Will I dance for you Jesus, or in awe of you be still?
Will I stand in your presence, or to my knees will I fall?
Will I sing hallelujah? Will I be able to speak at all?
I can only imagine. I can only imagine."
I almost got to experience that rather than imagine it. I almost got to answer the questions in the song.
In the days since the carbon monoxide accident I have spent a lot of time thinking about and appreciating all the things I almost never got to do again; things like snuggling up in my bed in a comfortable position, feeling the carpet under my feet and walking through my house. I almost never again got to again kiss my husband or lay on his chest and listen to his heart beat as I drift off to sleep. I almost never again got to experience in this life hugging each of my children and grandchildren and telling them that I love them. I didn't know that I could've been finished; that all the projects I was in the middle of, the books I was reading and planned to read would never get finished. I almost never again got to watch another movie, sit on my front porch, plant and water flowers, go to my favorite cupcake place, open a fridge, feel hungry or cook. I almost never again got to listen to the noisy fan in my bedroom that keeps me cool at night, and all the other things that suddenly in a heartbeat I was almost permanently done doing and would never experience again. I had just come up with a great new plan to give each weekday a theme. I was very excited about it. I had only done it for 2 days. I almost never got to try out the whole week.

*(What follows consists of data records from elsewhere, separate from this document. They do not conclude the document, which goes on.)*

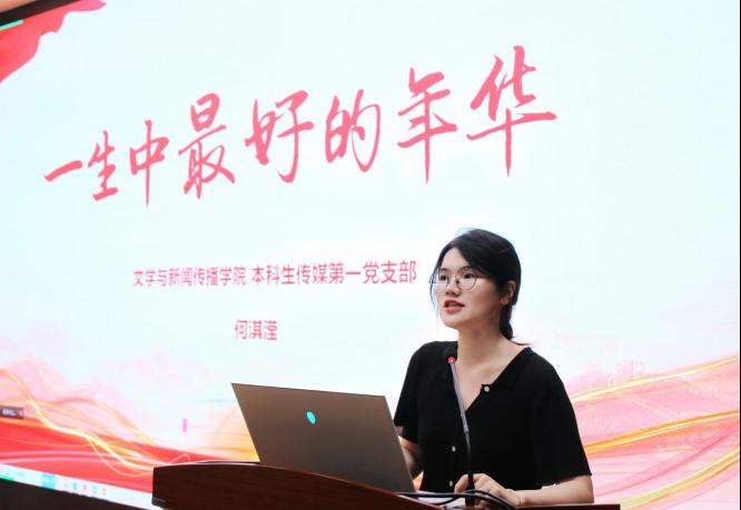 培训会上,本科生传媒第一党支部组织委员兼纪检委员何淇滢与硕士生教育学党支部书记张浩翔以微党课的形式,为同学们作优秀党员先进事迹报告。何淇滢同志的微党课以“一生中最好的年华”为题,用习近平总书记在梁家河着手修建第一个修沼气池的故事和“七一勋章”获得者、“时代楷模”黄文秀的事迹带领同学们一同领悟青年党员为人民服务的使命担当。
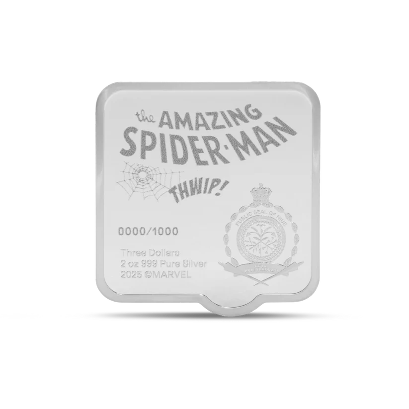 Swing into action with the 2025 $3 Niue Marvel Spider-Man “Thwip” 2 oz Silver Coin. Struck from 2 ounces of .999 fine silver, this dynamic release captures Spider-Man mid-web-sling, complete with bold comic-style artwork and vibrant colorized detail. Officially licensed by Marvel and presented in its GOP packaging, this high-impact collectible is perfect for fans of Spider-Man, classic comics, and premium silver pieces.
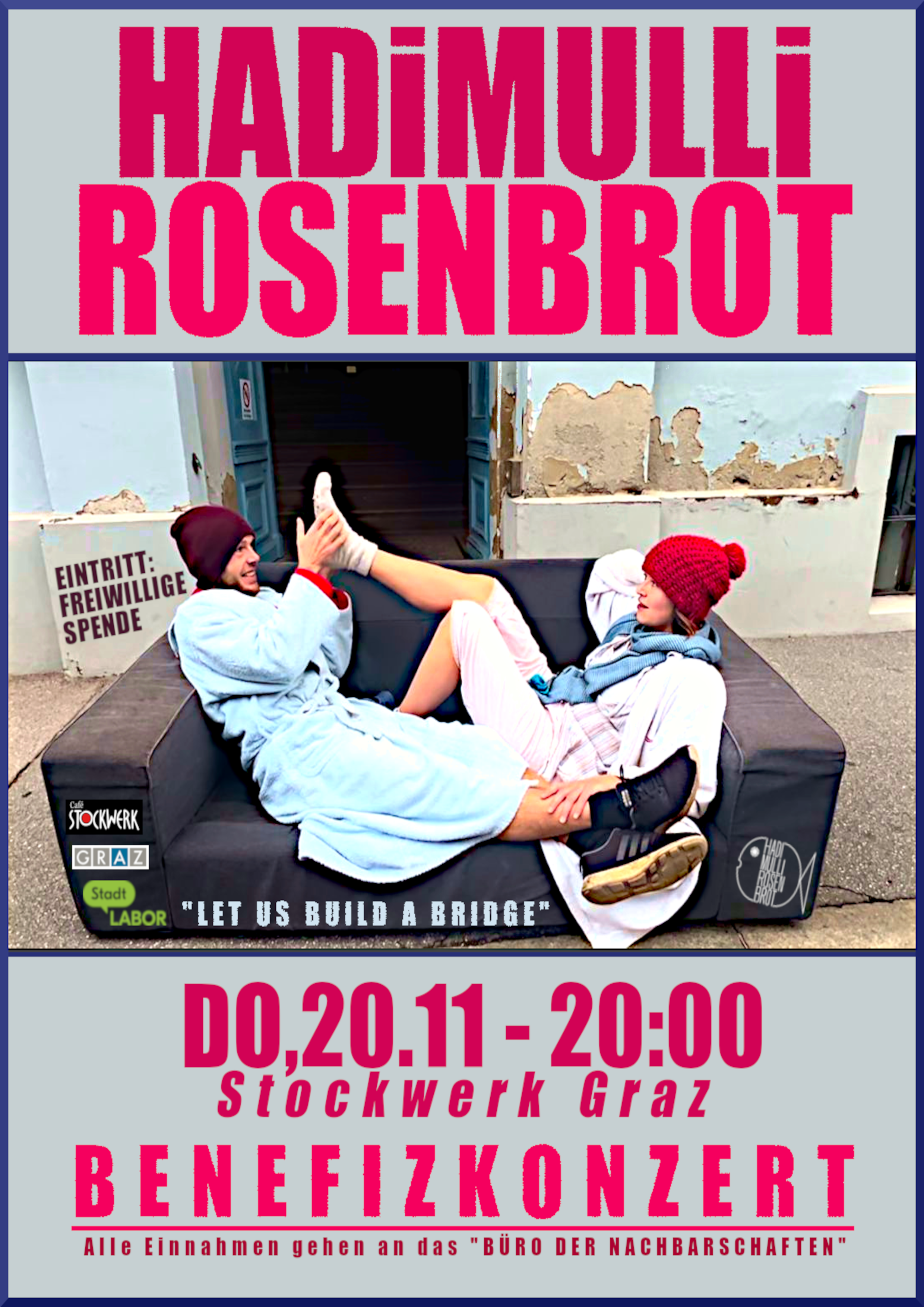 Eintritt: FREIWILLIGE SPENDE - der Reinerlös geht direkt an das "BÜRO DER NACHBARSCHAFTEN"
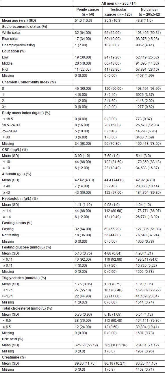 We restricted our study population to individuals aged 20 years or older who did not have a previous diagnosis of cancer. Furthermore, all subjects were required to have baseline measurements of CRP, albumin, haptoglobin available from the same health examination (n = 205,717). The outcome investigated in this study was penile cancer (International Classification of Diseases (ICD), Revision 7 (1955) code 179) and testicular cancers (ICD Revision 7 (1955) code 178) [13].
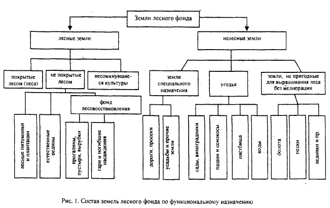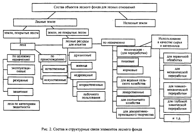 Лесной фонд: общие понятия, состав и характеристикиСогласно Лесному кодексу Российской Федерации (ЛК) использование, охрана, защита, воспроизводство лесов осуществляются исходя из понятия о лесе как об экологической системе или как о природном ресурсе (ст. 5 ЛК) [4]. Природные ресурсы представляют собой тела (элементы) и свойства природы, которые на данном этапе развития производительных сил могут быть использованы в качестве предмета потребления и (или) средства труда и производства. Общественные полезности природных ресурсов изменяются (прямо или косвенно) под воздействием деятельности человека. Природные ресурсы, а также их свойства, не требующие для своего вовлечения трудовых затрат, представляют собой природные условия (температура, климат, осадки и т.д.) [15, 24]. К природным ресурсам относят: • земельный фонд;• растения; • животный мир; • полезные ископаемые; • водные ресурсы; • энергоресурсы и др. Сам лес также является частью природы, природным ресурсом. Именно поэтому Лесной кодекс Российской Федерации дает понятие леса как экологической системы или как природного ресурса. Как природный комплекс, лес содержит в единстве ряд перечисленных видов природных ресурсов, в том числе земельный фонд, древеснокустарниковую и прочукз растительность, животный мир как обязательные компоненты леса, но не все ресурсы являются лесными. Лесные ресурсы это природные ресурсы компоненты леса (его элементы, тела), а также его силы и свойства, пригодные для удовлетворения материальных и культурных потребностей человека и общества. По своему происхождению они характерны только для леса, лес является их «родителем». В лесу могут встречаться не только лесные, но и другие природные ресурсы (например, водные, ископаемые, сельскохозяйственные растения и т.п.), а лесные ресурсы могут иметь место не только в лесу (например, деревья в городе). В то же время каждый из элементов природных ресурсов может быть представлен и на территории лесов, но этого не достаточно для отнесения их к лесным ресурсам: вид ресурса определяется не местонахождением. Так, например, земельные ресурсы не являются лесными, так как своим «появлением» как часть природы они обязаны не лесу, хотя и являются основным условием происхождения леса, они возникли прежде него, и только позже на земном шаре появились леса. Встречается отнесение к лесным ресурсам водных ресурсов в связи с тем, что леса способствуют переводу атмосферных осадков в грунтовые воды, образованию чистых и минеральных вод, в том числе целебных [22]. Водные ресурсы могут находиться в лесу, но по своей природе они не являются лесными даже расположенные в лесном фонде. Они являются отдельным видом природных ресурсов, так как их образованию мог>т способствовать не только леса, переводя атмосферные осадки в грунтовые воды, примером чего является происхождение морей. Леса располагаются на землях лесного фонда и землях иных категорий (ст. 6 ЛК). Земли лесного фонда это часть земельного фонда России, выделенная для ведения лесного хозяйства. Основными территориальными единицами управления в области использования, охраны, защиты, воспроизводства лесов являются лесничества и лесопарки, которые расположены: • на землях лесного фонда, а также на землях обороны и безопасности, на которых расположены леса;• поселений, на 
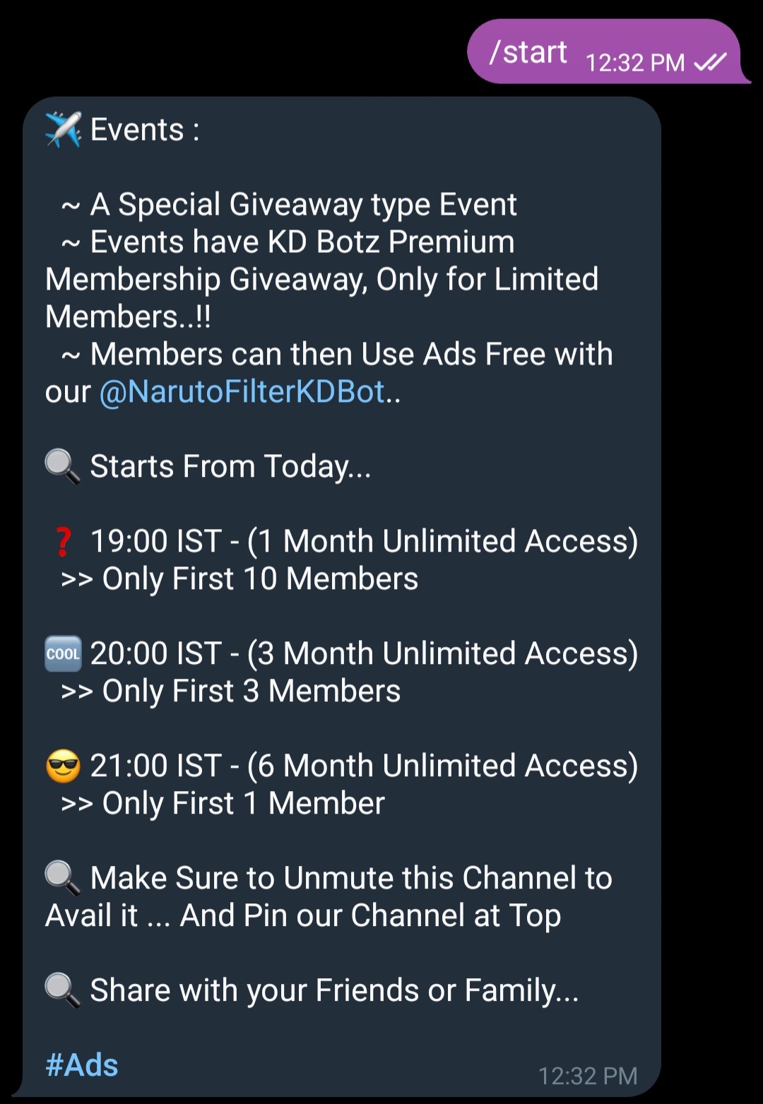 Naruto Bot Ads PreviewKD BotzThis is how it looks like in botYour message after clicking on the ad link

Laying out on the driveway with the paramedics around me, I had no idea how close my brush with death was. I thought I just needed to get some fresh air and I would be fine. It wasn't until later when I could think clearly again that I could see the sequence of events that had to play out just right in order for me to still be here. I was shocked by the reality of how close I had actually come to leaving this life. It would be a painless way to die really. You just get dizzy and tired and go to sleep. The drawback is you don't get to say goodbye.
Why have I been preserved? Why am I here when others who have experience my same exact thing have not been preserved? I have been given a second chance at life, and I need to figure out why and do what I've been left here to do.

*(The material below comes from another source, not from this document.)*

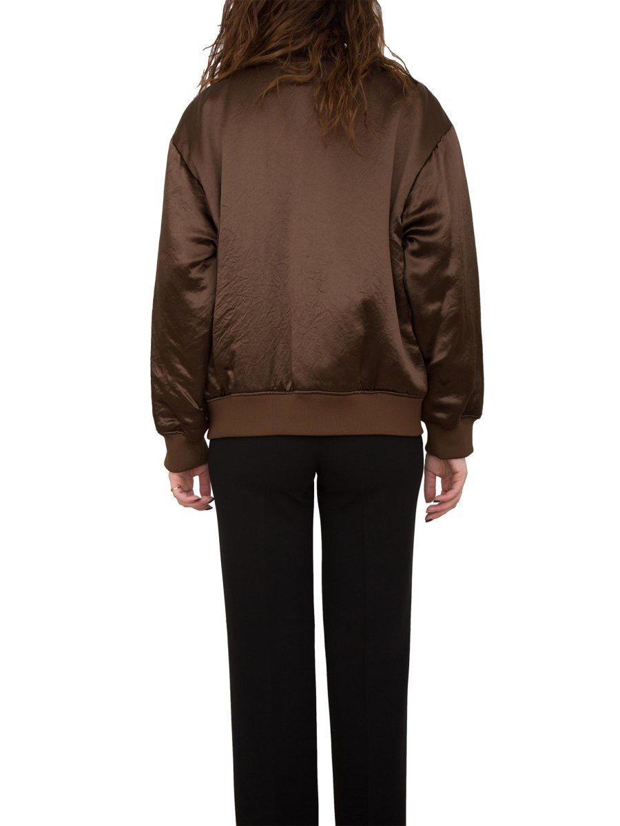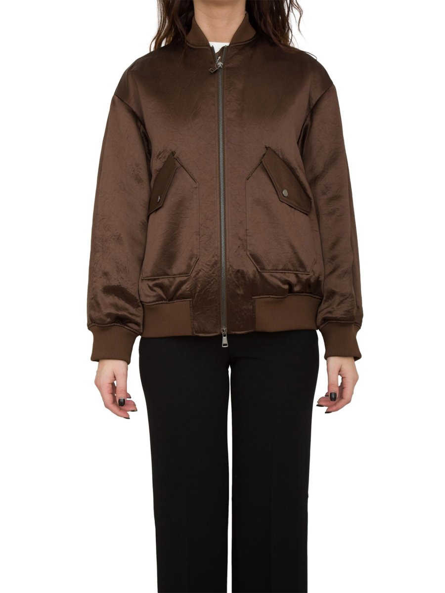 Куртка-бомбер вільного крою з ацетатного атласу з довгими заниженими рукавами, накладними кишенями з косим клапаном та кнопкою. Доповнено класичною резинкою на комірі, манжетах та подолі. Внутрішня підкладка із надтонкої ізолюючої тканини Luxepad щільністю 80 г призначена для збереження та оптимізації тепла тіла навіть за низьких температур. Застібка-блискавка спереду.
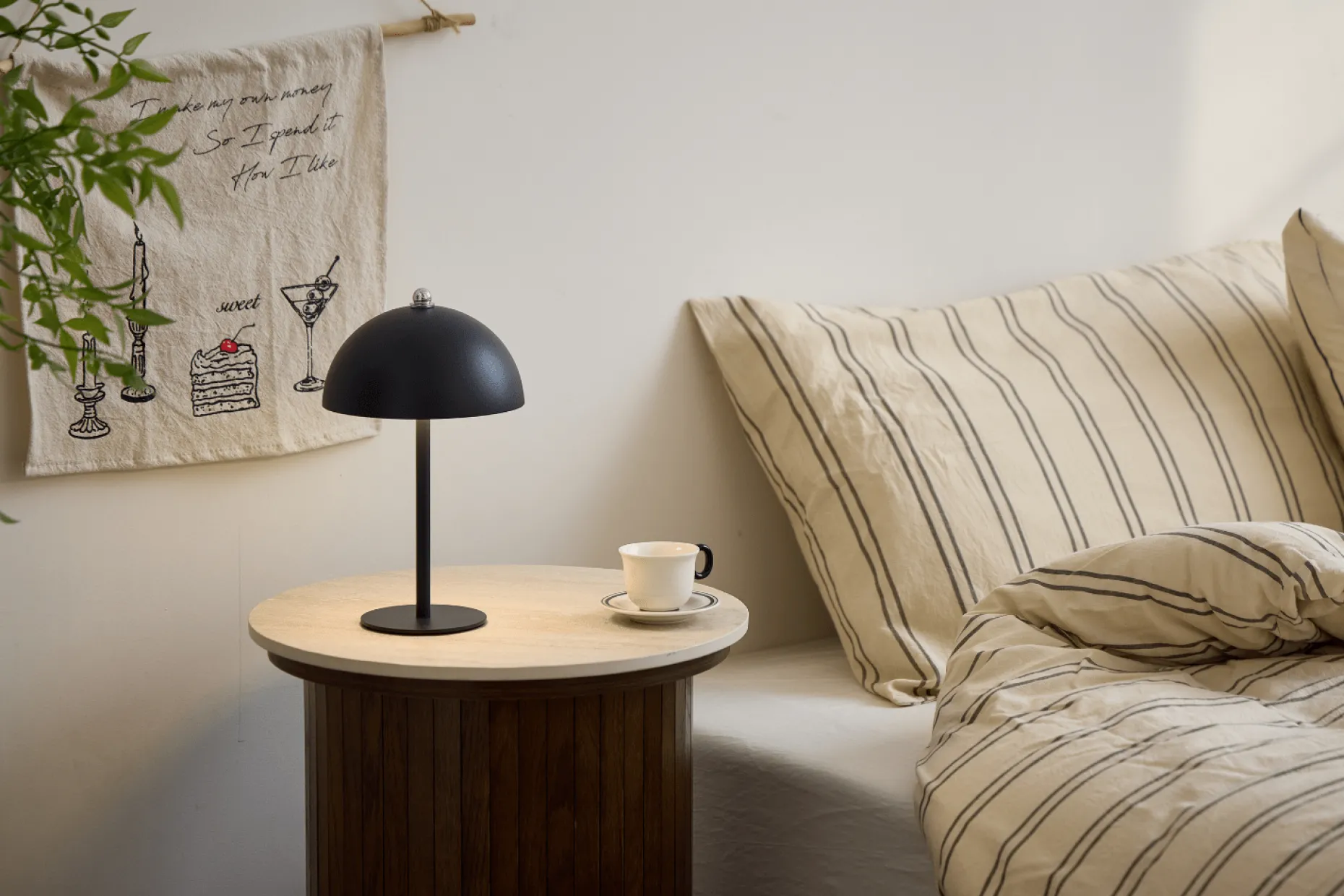 Da lampen er genopladelig, slipper du for ledninger og kan nemt flytte den rundt i hjemmet. Lampen anbefales til indendørs brug.

When something like this happens everyone is shocked, and then relieved, and then then life moves on. Life goes back to normal as though it hadn't happened. For the person it happens to, it is different. I was shocked. I am relieved. I plan to move on. I don't wish to be stuck.

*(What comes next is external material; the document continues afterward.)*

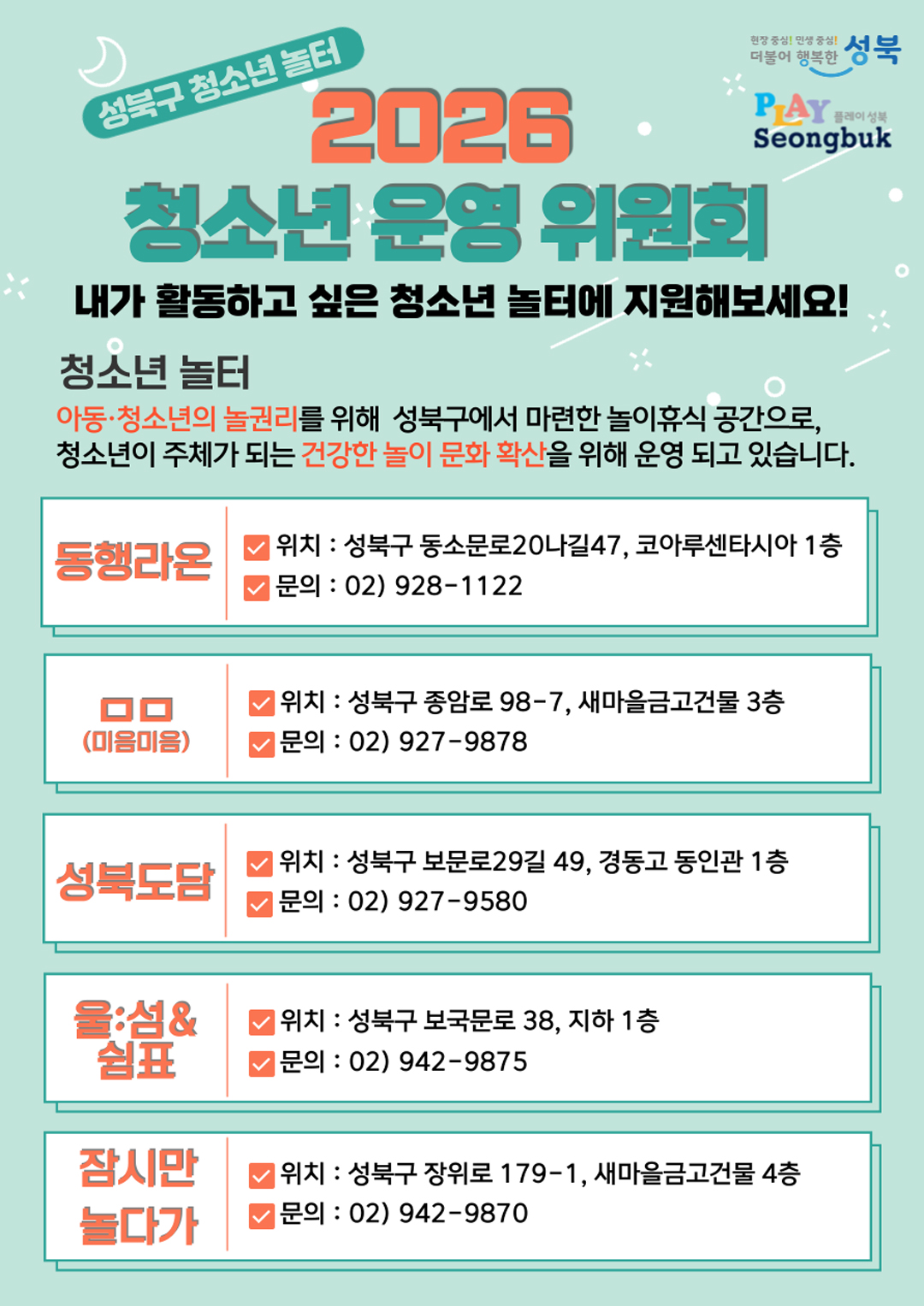 260122 성북구 청소년놀터 청소년운영위원회 모집

I hope to move on permanently changed by this experience. I hope to move forward with a fresh perspective on the meaning of life and my role in it. But at the moment, my brain can't really take in all that has happened and what it all means. All the thoughts and emotions inside of me are like a large pile of tangled yarn in front of me that I feel compelled to unravel, as though I can't really do anything else until that is sorted out. And so I give myself permission to have time and space to do that. I give myself permission to not finish my self-help book, not plant a vegetable garden for the first time ever, not focus on my goals for a while, not push myself. Just sit. Just sit and figure out why I am here.